Orange flower water (also commonly called orange blossom water) is scented water frequently found in Moroccan homes. You'll often find it applied as a perfume and freshener or used in culinary preparations as an ingredient. For the latter, it shows up in lengthy list desserts and sweets such as Moroccan rice pudding and Moroccan sweet rolls with anise and sesame, but you'll also find it adding fragrant flavor to savory dishes such as chicken Bastilla and tomato jam.
The Traditional Way to Make It
The traditional method of making pure orange flower water requires steam distillation in special copper equipment known as a still or katara in Moroccan Arabic. Since a still is not a common kitchen gadget, you can try this easy home method instead. It calls for infusing freshly picked blossoms in distilled water, using everyday kitchen equipment. While not as intensely flavored as it's a steam distilled counterpart, it will still yield orange blossom water fragrant enough to try in Moroccan recipes. Seville orange blossoms from the Mediterranean are traditionally preferred, but you can try other varieties. Another option is to try using rose petals to make your own Rose Petal Water.
If you don't get results that you like or don't have time to make your own, you can buy orange flower water online or look for it in pharmacies and halal or Middle Eastern markets. Be sure that it's 100 percent pure and not artificially flavored.
What You Need
Gather these ingredients to make your own orange blossom water
- Orange flower petals, preferably from Seville orange trees
- Distilled water
- Bowl, strainer, and fresh water for washing the petals
- Stone or porcelain mortar and pestle
- Large glass jar with lid
- Small sterilized glass jars or bottles for storing the orange flower water
How to Make Orange Blossom Water
Orange blossom water is not very difficult to make. The whole process takes about an hour, but then it requires several weeks of steeping time. Plan accordingly if you will need it for a recipe or an event.

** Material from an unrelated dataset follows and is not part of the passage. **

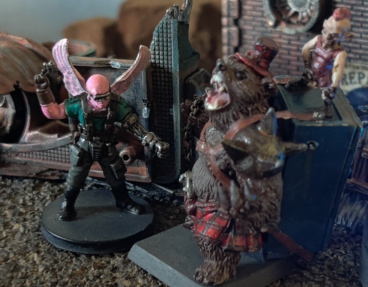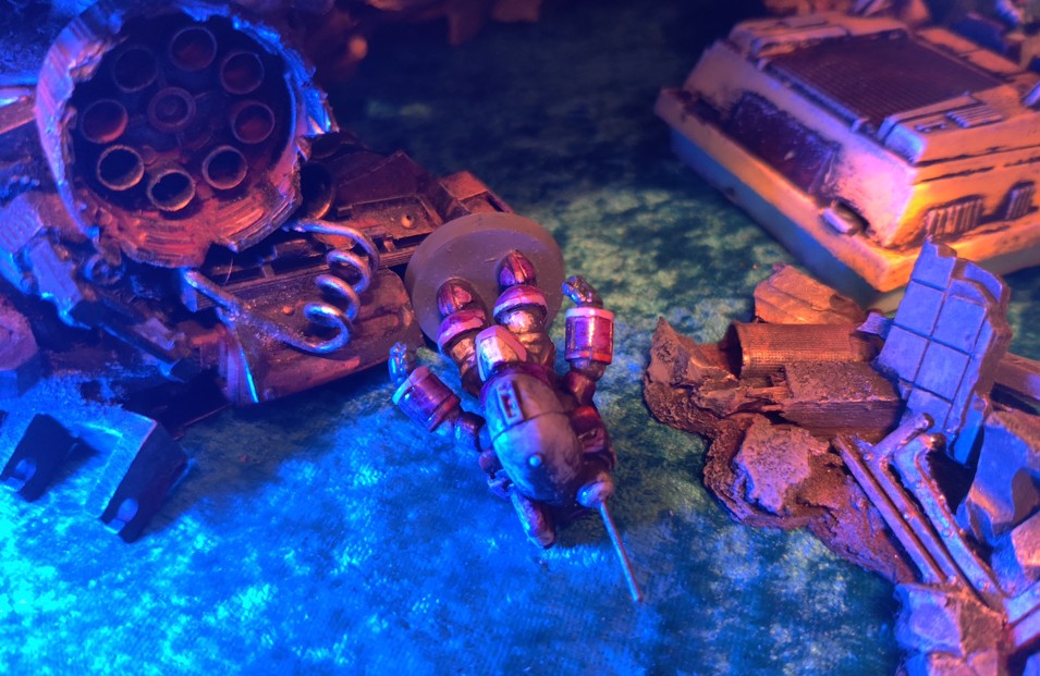 as DW-40 rolls forward and falls over like a hunk of machinery. "This is serious, no funny business!" The Road Hog shouts to the jester-like Sarah.

- Use flowers that have not been sprayed with herbicides, pesticides, or insecticides.
- Flowers should not be hybrid varieties as the smell and essence may have been bred out of them in favor of "showiness."
- Pick blossoms early in the morning before the sun gets too hot, about 2 to 3 hours after sunrise.

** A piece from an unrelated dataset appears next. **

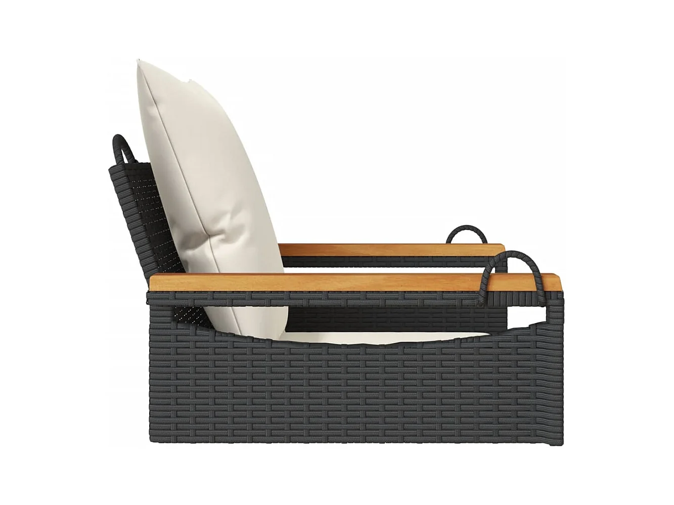 Banco de jardín reclinable y cojines negros 173cm mimbre resina

- Wash the blossoms and petals in cool water and rinse thoroughly to remove insects and dirt.
- Macerate petals using a stone or porcelain mortar and pestle and let sit for several hours.

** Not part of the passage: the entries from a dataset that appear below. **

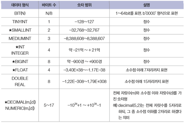 숫자 타입으로는 TINYINT, SMALLINT, MEDIUMINT,INT DIGINT 등이 있다.
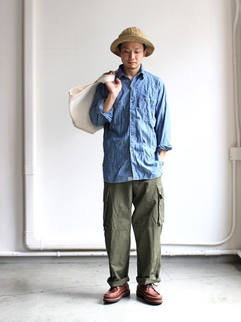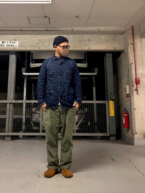 ワイドシルエットが魅力のオアスロウ製ファティーグパンツに、シンプルなデザインのスイングトップを組み合わせたコーデになります。インナーのニットをタックインさせているのが、着こなしのポイントですね。ヴィンテージ加工されたパンツが、いい風合いを出しているのが分かります。
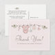 Seu convidado do chá de bebê vai adorar este cartão de agradecimento cor-de-rosa com varal de roupa de bebê e pássaros carregando-as.

- Place petals in a large glass jar with a lid and cover the petals with distilled water. Less is more. You can always add more water later.
- Let stand in the full sun for a couple of weeks. Check the scent. If it is too weak, leave it in the sun for another week.
- Strain the blossom water into several smaller sterilized jars with lids.
Once the water has been made, store the bottles in a cool dark location such as the refrigerator.